### INSTRUCTIONS TO FOLLOW:
From the first line below to the last, reproduce the material exactly and leave out the images.

### DATA BLOCK:

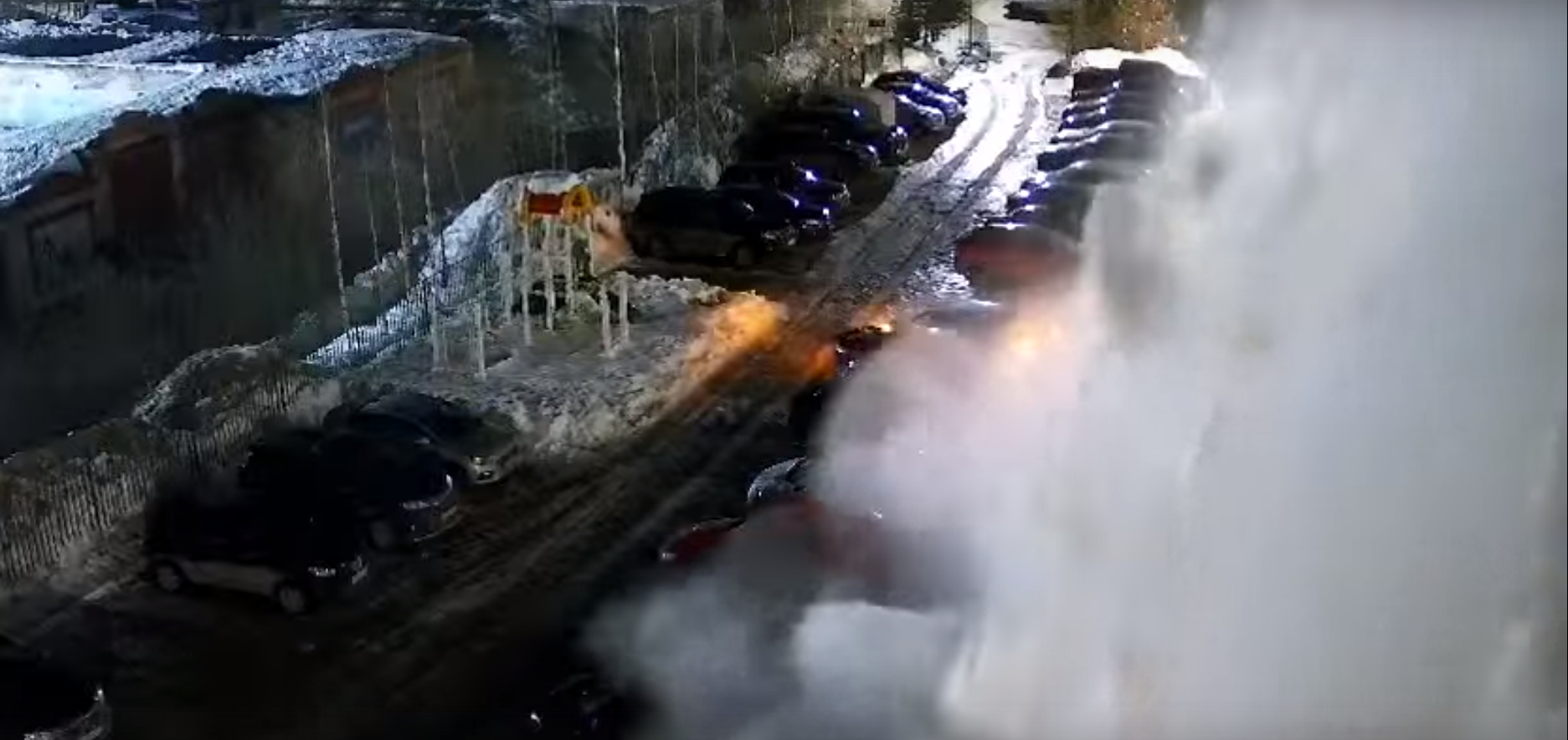 В Соликамске Пермского края с дома № 46 по ул. Северной сошла снежная лавина. ЧП зафиксировала камера наблюдения. На кадрах: жилой двор, тёмное время суток, рядом с подъездом припаркованные автомобили. В одну секунду с крыши здания обрушивается внушительная снежная масса, засыпая и пешеходную дорожку вдоль подъездов, и машины.
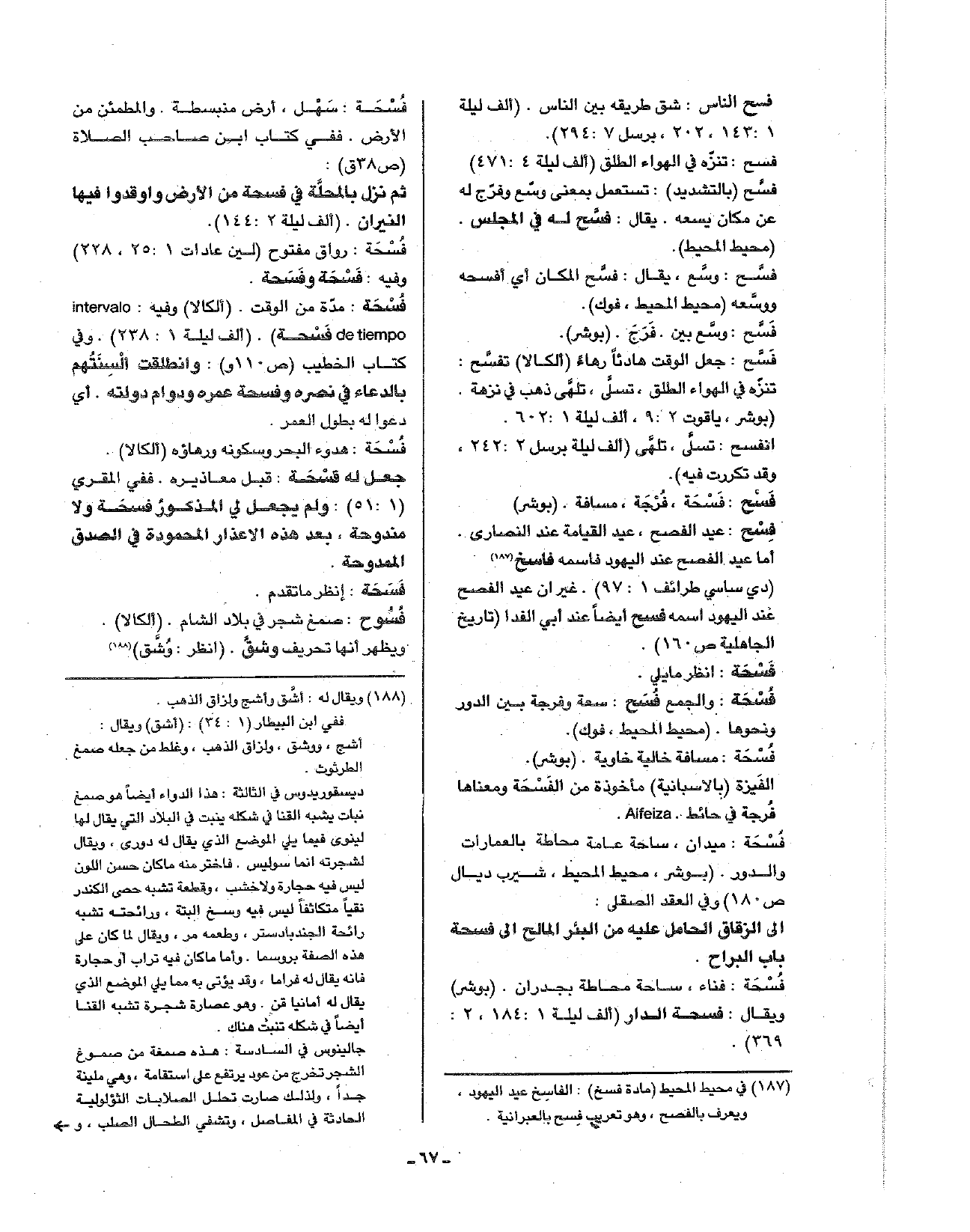 فسحة: سهل، أرض منبسطة. والمطمئن من الأرض. ففي كتاب ابن صاحب الصلاة (ص38 ق): ثم نزل بالمحلة في فسحة من الأرض وأوقدوا فيها النيران. (ألف ليلة144:2).
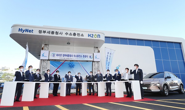 8월 31일 오후 세종시 정부세종청사에서 열린 하이넷 정부세종청사 수소충전소 준공식에서 홍정기 환경부 차관 등 참석자들이 기념촬영을 하며 파이팅하고 있다. (사진=(c) 연합뉴스)
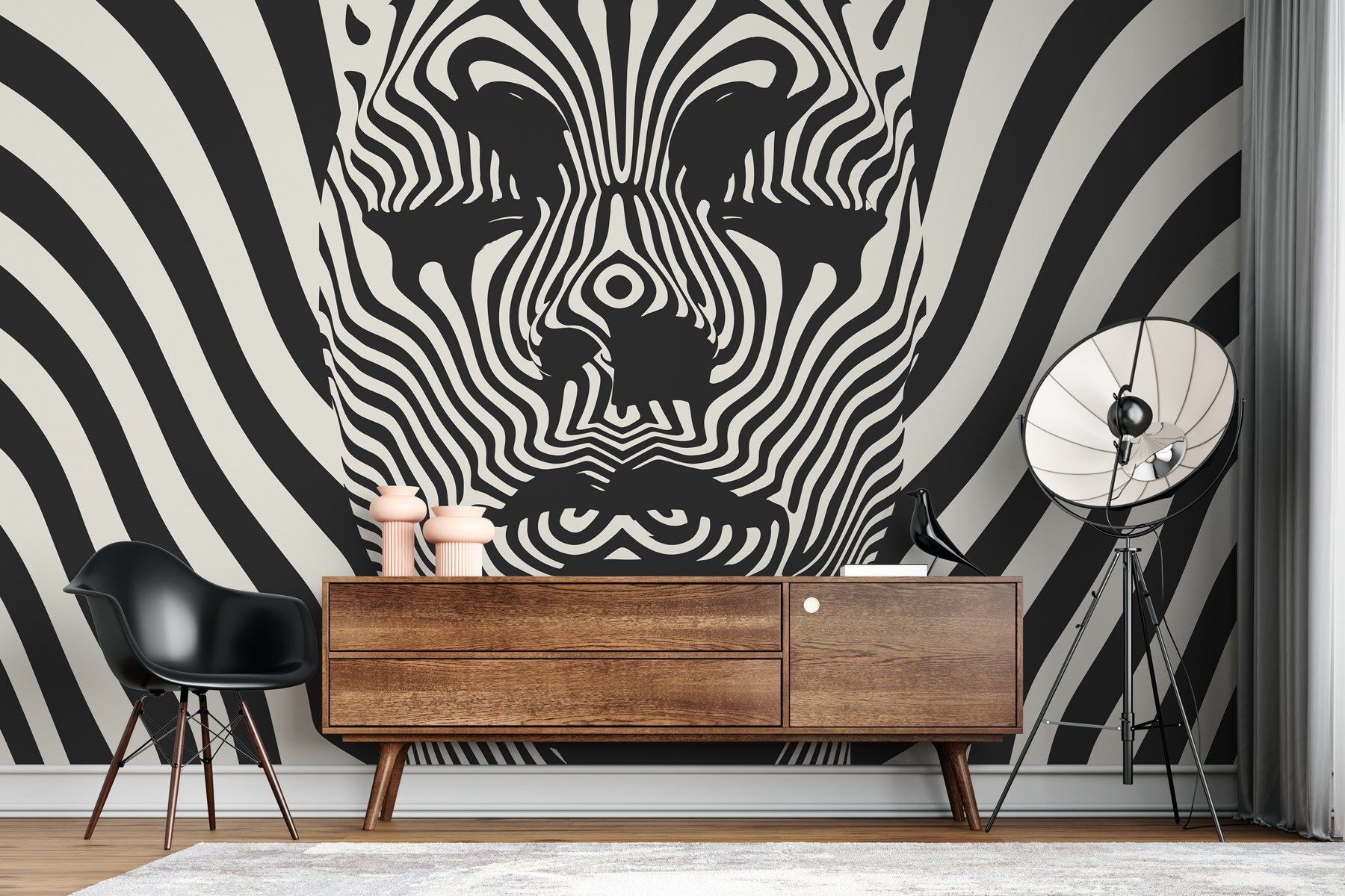 Μεταμορφώστε οποιοδήποτε δωμάτιο σε σημείο αναφοράς με αυτή την εντυπωσιακή ασπρόμαυρη τοιχογραφία. Δεν είναι απλώς ένα σχέδιο- είναι σαν ένας ιδιόρρυθμος φίλος που παρατηρεί σιωπηλά τα πάντα, αλλά σίγουρα τραβάει τα βλέμματα. Οι μαγευτικές γραμμές στροβιλίζονται γύρω από ένα διακριτικά αφηρημένο πρόσωπο, κάνοντας όποιον το κοιτάζει να σταματήσει -όπως όταν εντοπίζει ένα σύννεφο που μοιάζει ακριβώς με δεινόσαυρο.

### SOLUTION FOR THIS TASK:
 В Соликамске Пермского края с дома № 46 по ул. Северной сошла снежная лавина. ЧП зафиксировала камера наблюдения. На кадрах: жилой двор, тёмное время суток, рядом с подъездом припаркованные автомобили. В одну секунду с крыши здания обрушивается внушительная снежная масса, засыпая и пешеходную дорожку вдоль подъездов, и машины.
 فسحة: سهل، أرض منبسطة. والمطمئن من الأرض. ففي كتاب ابن صاحب الصلاة (ص38 ق): ثم نزل بالمحلة في فسحة من الأرض وأوقدوا فيها النيران. (ألف ليلة144:2).
 8월 31일 오후 세종시 정부세종청사에서 열린 하이넷 정부세종청사 수소충전소 준공식에서 홍정기 환경부 차관 등 참석자들이 기념촬영을 하며 파이팅하고 있다. (사진=(c) 연합뉴스)
 Μεταμορφώστε οποιοδήποτε δωμάτιο σε σημείο αναφοράς με αυτή την εντυπωσιακή ασπρόμαυρη τοιχογραφία. Δεν είναι απλώς ένα σχέδιο- είναι σαν ένας ιδιόρρυθμος φίλος που παρατηρεί σιωπηλά τα πάντα, αλλά σίγουρα τραβάει τα βλέμματα. Οι μαγευτικές γραμμές στροβιλίζονται γύρω από ένα διακριτικά αφηρημένο πρόσωπο, κάνοντας όποιον το κοιτάζει να σταματήσει -όπως όταν εντοπίζει ένα σύννεφο που μοιάζει ακριβώς με δεινόσαυρο.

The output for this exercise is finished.